Summary:  12-year-old Sora lives under the oppressive Communist regime of 1950 North Korea, and the stiflingly low expectations for girls in her traditional Korean family.  When war breaks out between North and South Korea, her father wants to escape to the south, while her mother is sure they won’t survive.  When it finally becomes clear that their lives are in danger at home, the family leaves, racing the Red army through the cold winter weather.  A bombing separates Sora and her 8-year-old brother from their parents and 2-year-old brother, and the two must travel alone, hoping to reunite with the rest of the family at their uncle’s house in Busan on the southern coast.  Sickness, hunger, predatory strangers, and other harrowing obstacles make this a page-turning survival story.  Includes a lengthy author’s note with additional information and photos on whom Sora is based; a glossary of Korean words; and a timeline of the Korean War.  320 pages; grades 4-7.

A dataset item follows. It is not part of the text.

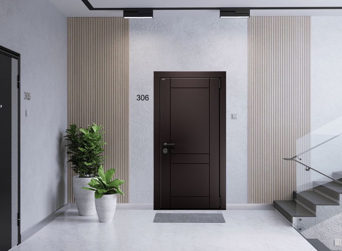 Входная дверь MRC-77 коричневый RAL 8019 подойдёт тем, кто ценит сбалансированное сочетание прочности, функциональности и эстетики.

Pros:  Anyone laboring under the delusion that historical fiction is dull will be disabused of that notion after reading this book.  There is plenty of action and suspense.  Sora is a fascinating protagonist: she’s smart and dreams of a future as a teacher or writer, yet still wants her parents’ approval and tries to be a good daughter (which means giving up school to take care of her brothers).  There’s also lots of interesting information about the “Forgotten War” woven into the plot and in the back matter.

Cons:  Just when you think you’re heading for a happy ending…well, I don’t want to give too much away.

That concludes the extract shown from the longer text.